It occurs to me often that driving here is like learning a new language. Bare minimum, it feels like a cultural exchange of some sort. Every day I feel like I’m learning new things and figuring out how to use my car to communicate.
The first, most important part of driving here is the use of hazard lights. In my prior life, I thought of the hazards as only for dire needs … like I’m stuck on the side of the freeway and don’t want anyone to bash into me at 70 miles an hour. Yes, that feels like a real hazard. Damn it, where is that button? I’m not in hazardous situations very often.
Here, however, hazard lights are used multiple times a day, for anything from an upcoming speed bump (of which there are many!) to the person in front of you turning. They seem to be a courtesy to let the people around you know that something/anything is happening, rather than an indication of hazard. Or maybe the bar for what is a hazard is just way lower?

The hazard lights could be for just pulling over a little to the side of the road to chat with a friend, or slowing down to greet some people you know, or literally just stopping wherever you need to for someone to meet you. This will definitely be happening on almost any residential road you go on, multiple times over, but it may also be happening on a pretty busy main thoroughfare. These are definitely genuine hazards, I suppose, but mostly just slow everything way way down.
In general, it seems the attitude is to just go with the flow, rather than to be upset at someone for doing their thing on the road. At first glance, it can feel selfish. Like, how can you stop here and make everyone else wait? But when I’m sitting and waiting for whomever doing whatever, I notice that no one else seems bothered by this in the slightest. So if the collective driving consciousness is not bothered by any individual’s immediate needs, maybe I shouldn’t be either? I dunno guys; I may never get to an enlightened state on this topic. For now, we’ve been taking some backroads that are 1)incredibly beautiful 2)a bit longer than the shortest route but 3)consistent in travel time because there’s no traffic. Worth it, in my book!

Another slower of traffic is intersections, or even taking a lightless left turn on a busy street. It seems whoever has been waiting the longest takes their turn, even if it causes a traffic jam or slows people downstream. Often this is accompanied by a flash of the lights, which I think is a thing in the States, but one that I’m still learning how to slooooow down enough to use. I just mastered the use of my hazards, ok? The brights flash is actually a way deeper commitment to a ‘we’ll get there when we get there’ philosophy because it requires noticing the person who needs help getting across the road. In general these small acts of driving generosity really make me feel good, or maybe it’s more accurate to say I feel like a jerk when I miss them. So I’m probably going to keep making progress on this one, because Catholic guilt is real.

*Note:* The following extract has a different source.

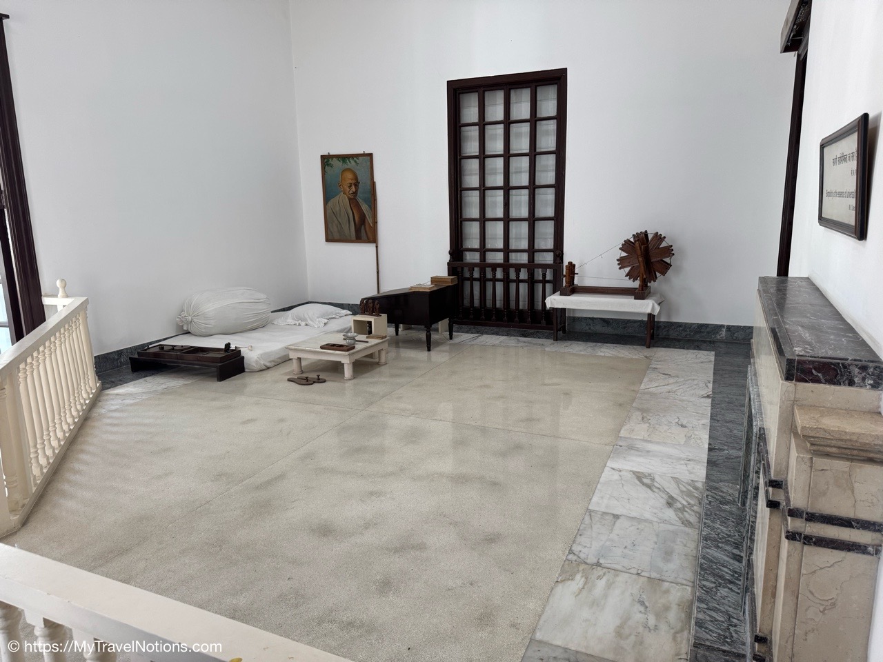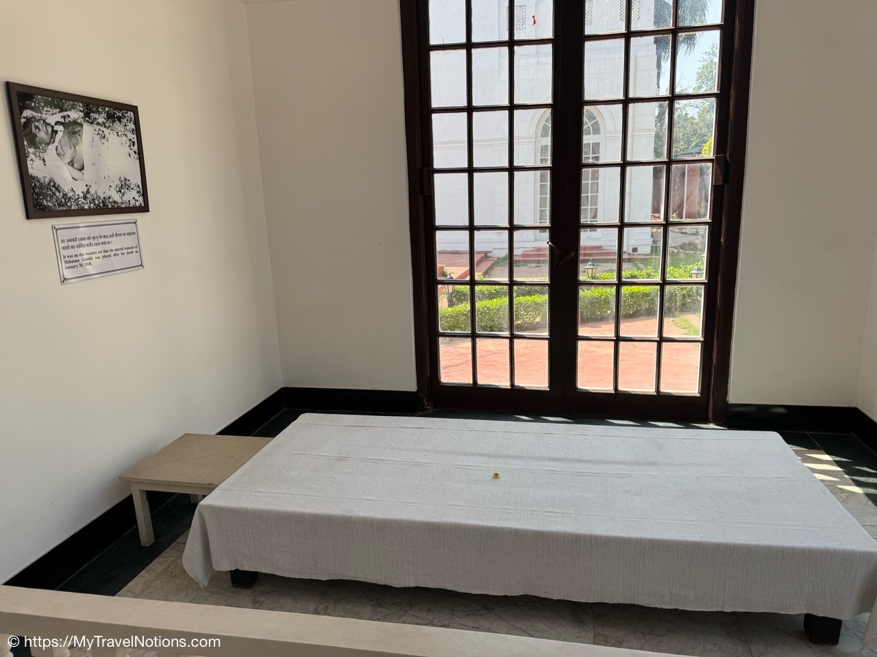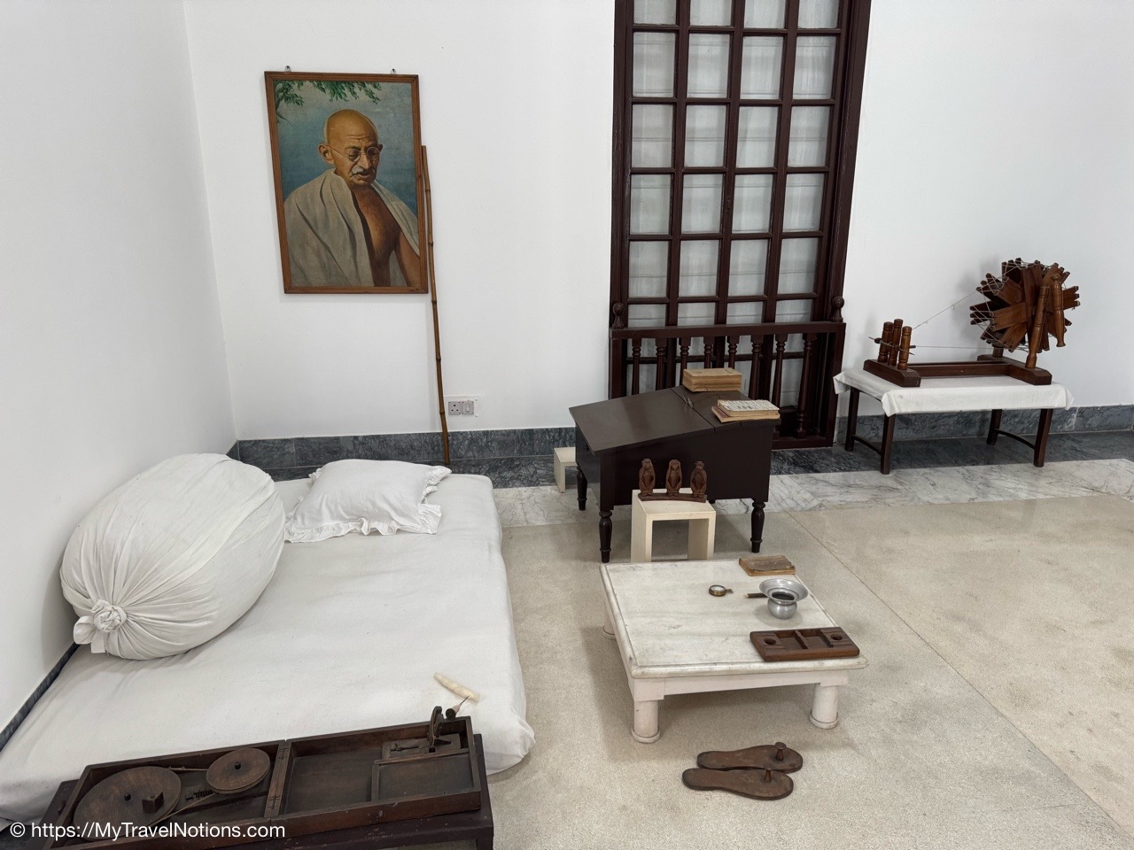 Gandhi’s bed was a simple mattress on the floor, reflecting his minimalist lifestyle in his room at the Gandhi Smriti (formerly Birla House) and Gandhi National Museum in Delhi where Mahatma Gandhi lived during the last 144 days of his life. The room was preserved as it was on the day of his assassination. It is a key exhibit in the museum, showcasing Gandhi’s simple lifestyle and belongings. (March 18, 2025)

Animals on the road are common here, whether dogs and cats or horses and cows. We have had many a fretful morning going to school waiting for a guy on a moto with his 6 horses tied together. This horse guy is pretty impossible to pass. It’s a real white knuckle situation with the time! Every morning when we leave the house, we wish hopefully that the guy with the horses will not be there. And sometimes we are lucky and sometimes we are waiting behind a long line of 20 cars, hating this horse guy’s guts.
But sitting behind the horse guys is better than driving the opposite direction as a large truck. Wow trucks are scary here! For some reason, they legit drive so close to (over?) the center line, to the point that I’m not sure where to go. I’ve noticed a competing factor with ‘whoever’s been waiting the longest gets precedence’, which is that the biggest vehicle gets precedence. I’m not really sure what happens when two trucks who are driving on center/over the center meet one another going opposite directions, but I prefer not to think about it.
Which brings me to my last point of study, which is pedestrians. While pedestrians are not really given the right of way to cross the road (since they are the smallest fish in the sea), unless they have been waiting a really long time (since the collective consciousness allows the people who have been waiting the longest to go), they are given a lot of space when they are walking on the side of a road, which is common. This may be the facet of Costa Rican transportation I’m trying to adopt the most: Walking to as many places as I can. Right now, it’s mostly down this incredibly beautiful dirt road to the city center of Villareal to take Nene to the soccer field, to pick up food from the fruteria, or to occasionally go to Super Economico for whatever odd or end I need. When I am able to do this, I feel for some reason like I accomplished my goals in coming here. It’s sweaty, yes, and sometimes miserable (only when I am carrying a watermelon in my backpack), but I am able to move myself where I need to go, say hi to my neighbors and put food on the table. Baby steps, so to speak, but I’ll take them! Hasta pronto, amigos!